Still below $\rho_i = 0.1$. Raising $\alpha$ to $0.2$ (shorter window $W = 4$, accepting more noise):

$$\mathcal{T}_i = 0.5 \times 0.2 = 0.1$$

This barely meets the threshold. The TFT framework reveals the fundamental tension: with limited pulls and significant drift, the agent must accept either (a) failing to track some arms (letting their estimates go stale) or (b) using a high $\alpha$ that introduces noise.

Aggregate tempo. The system-level tempo (across all arms) is:

$$\mathcal{T} = \nu \cdot \alpha = 1 \times 0.091 = 0.091$$

The aggregate drift rate is $\rho = k \cdot \sqrt{q} = 4 \times 0.1 = 0.4$. Aggregate persistence ($\mathcal{T} > \rho$) also fails: $0.091 < 0.4$. The agent's total adaptive capacity is fundamentally outpaced by the total environmental drift across all arms. This is a regime where model-based approaches (Bayesian bandits, Kalman bandit filters) with their higher effective $\eta^*$ have a structural advantage, consistent with TF-06's observation that advanced RL methods converge toward the TFT-optimal gain form.

Summary: Mapping Quality

TFT Concept Bandit Mapping Status
Scope ($\Omega_t$, $\mathcal{A}$, residual uncertainty) Exact Definitional
Causal structure (action precedes observation) Exact Structural
CIY (informative actions) Approximate Model lacks uncertainty representation
Model ($M_t$ as compressed history) Exact Definitional
Model sufficiency ($S < 1$) Exact Q-learner demonstrably insufficient
Mismatch ($\delta_t = r_t - \hat{\mu}_{a_t}$) Exact Standard prediction error
Gain ($\alpha$ as degenerate $\eta^*$) Approximate Fixed $\alpha$ does not adapt to uncertainty
Exploration (UCB as approximate CIY) Approximate Structural analogy; not derived from CIY
Tempo ($\mathcal{T} = (\nu/k) \cdot \alpha$ per arm) Approximate Assumes uniform allocation
Persistence condition Exact (qualitative) Threshold structure is robust (Appendix A)

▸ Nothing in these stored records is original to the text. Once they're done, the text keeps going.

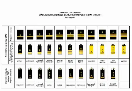 The new insignia of the Ukrainian Naval Force (from admiral to junior lieutenant) |
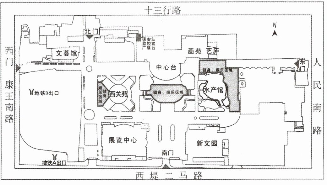 (1)该题考查方向判断能力,有指向标的地图,根据指向标判断方向。从图中可以看出,展览中心在南门的西北方向,因此,从南门进入后应该往西北方向走。
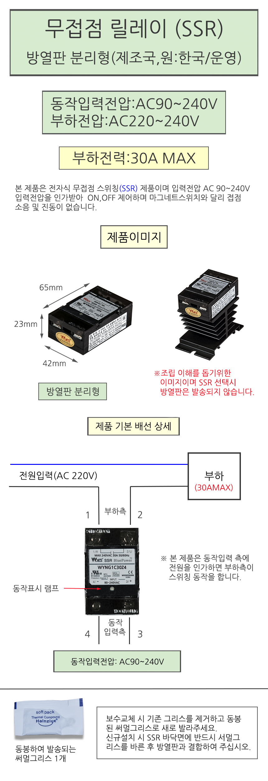 동작입력전압: AC90~240V / 부하전압: AC220~240V / 부하전력: 30A MAX
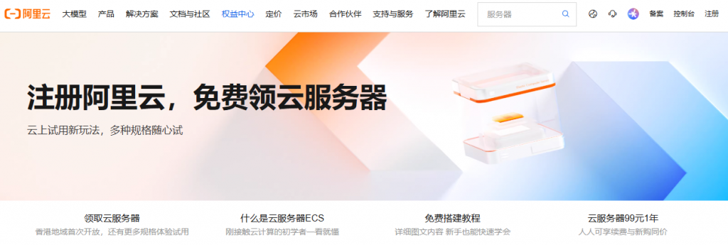 注册平台一:注册阿里云,免费领云服务器
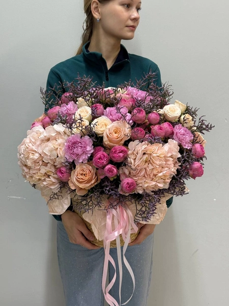 Этот великолепный букет сочетает в себе утонченную нежность розовых оттенков и богатство природы. Его основа выполнена из роскошных пионовидных роз, плавно переходящих в кремовые и нежно-розовые гортензии. Яркость букета подчеркивают воздушные кустовые розы и элегантные веточки декоративной зелени лимониума, создавая объем и шарм. Легкие ленты придают букету романтическую завершенность, делая его идеальным подарком для особого случая: будь то признание в любви, день рождения или просто момент искреннего внимания.
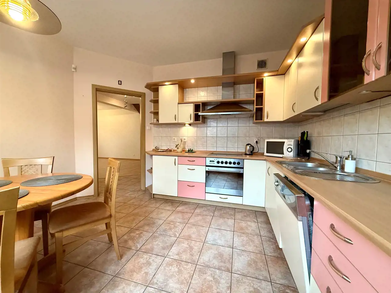 - kuchnia (13,5 m²) – w pełni umeblowana i wyposażona w sprzęt AGD (lodówka, zmywarka, piekarnik, płyta, okap),

The nonstationary bandit demonstrates that TFT's conceptual chain applies outside the Kalman regime, but also reveals where the exact quantitative results break down: the uncertainty ratio principle (TF-06) requires the model to represent its own uncertainty, which the Q-learner does not. The gap between the Q-learner's fixed $\alpha$ and the TFT-optimal adaptive $\eta^*$ is precisely the gap between a degenerate constant gain and the full uncertainty-ratio form --- the same gap that separates a fixed-gain PID controller from a Kalman filter.

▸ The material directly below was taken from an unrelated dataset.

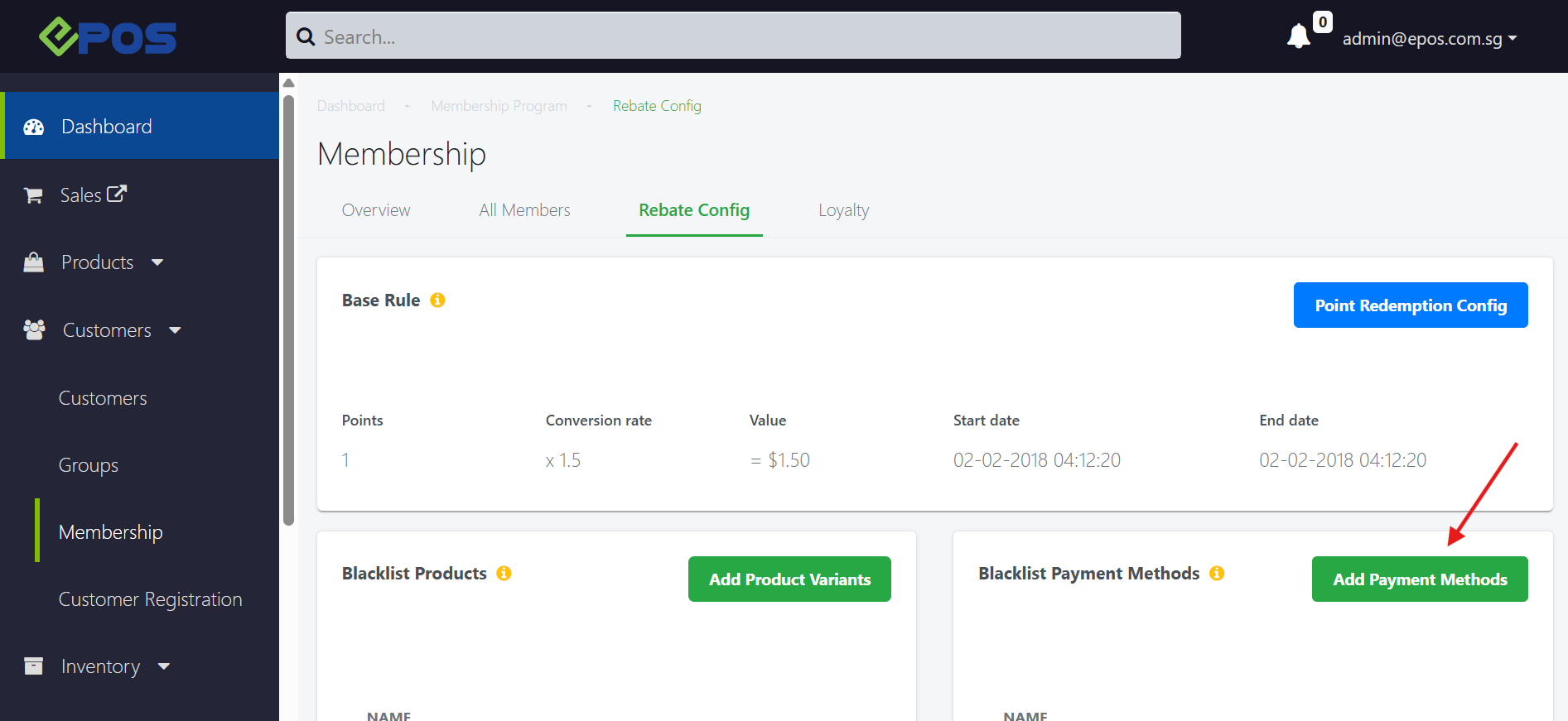 1. Merchants can go to their backend (Customers > Memberships > Rebate Config) and configure which payment method they wish to blacklist
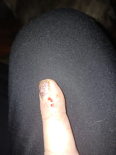 It was healed over and scabbed. The nail lady used her drill to grind the scab down. I immediately told her to stop but the damage was done. I have had a huge infection in my finger for over a month. I have been to the doctor 2 times. And even with treatment it's bad.

Note on tensor tempo (TF-11 Open Question #4). The per-arm analysis in C.7 is a natural instance of the per-dimension tempo decomposition: each arm is an independent mismatch dimension with its own $\mathcal{T}_i$ and $\rho_i$. The persistence condition must hold per-dimension ($\mathcal{T}_i > \rho_i$), not merely in aggregate. The aggregate tempo $\mathcal{T} = \nu \cdot \alpha$ overstates the agent's effective adaptation along any individual arm's dimension --- exactly the failure mode that the scalar-to-tensor generalization is designed to capture.